Other Adjunctive Drugs for Coronary Intervention: Beta-Blockers, Calcium-Channel Blockers, and Angiotensin-Converting Enzyme Inhibitors

β-Adrenergic Receptor Blockers

β-Blockers act by directly competing with binding of catecholamines to β-adrenergic receptors. These agents differ in their selectivity, lipid solubility, metabolism, and partial-agonist ability (intrinsic sympathomimetic ability [ISA]; Table 13.1 ). Although some data suggest that these differences might impact efficacy in certain conditions, such as chronic congestive heart failure (CHF), these differences mainly affect side effects, contraindications, and frequency of dosing. For example, nonselective agents may increase bronchospasm in asthmatic patients, whereas lipophilic agents may have more central nervous system (CNS) effects such as sedation and depression. Type of metabolism will affect plasma half-life in patients with renal or hepatic insufficiency. β-Blockers with ISA slow heart rate less than β-blockers without ISA; also, β-blockers with ISA are less likely to decrease high-density lipoprotein cholesterol (HDL-C) or to increase triglycerides.

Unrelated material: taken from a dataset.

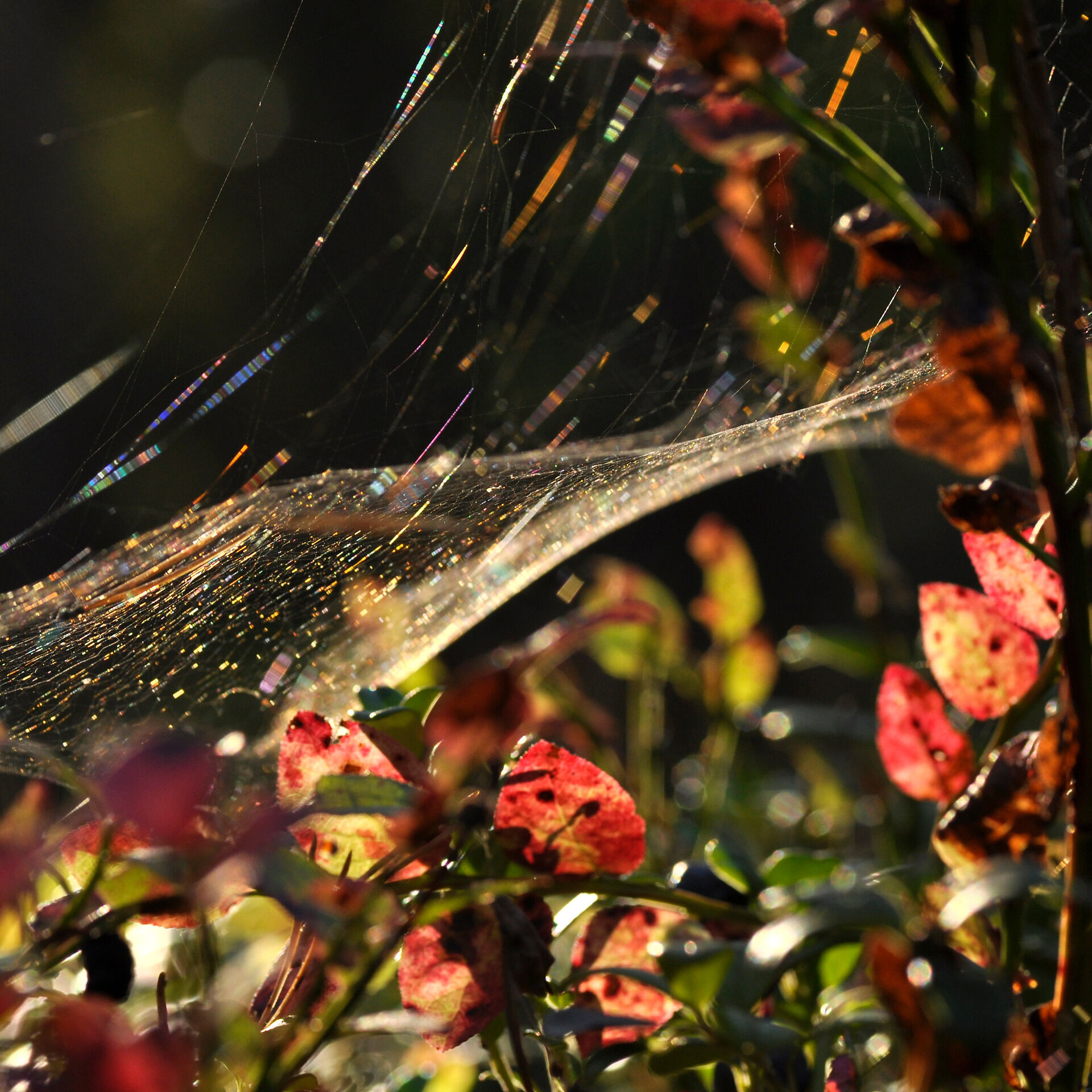 Spindelnät i blåbärsriset Copyright © Fjäril

Despite these pharmacokinetic differences, efficacy in CAD arises primarily from β ₁ -receptor antagonism. In acute MI, for example, the catecholamine storm decreases the fibrillation threshold, increases myocardial oxygen consumption, and promotes myocardial necrosis. By decreasing heart rate and contractility, blockade of the β ₁ -receptor lowers myocardial stress, which decreases necrosis. β-Blockade also raises the fibrillation threshold. By antagonizing lipolysis, β-blockers reduce concentrations of free fatty acids and cause greater use of glucose and less use of oxygen. Although controversial, β-blockers—in particular, carvedilol and nebivolol—may also inhibit platelet aggregation, but the mechanism could be membrane interaction instead of β-receptor antagonism.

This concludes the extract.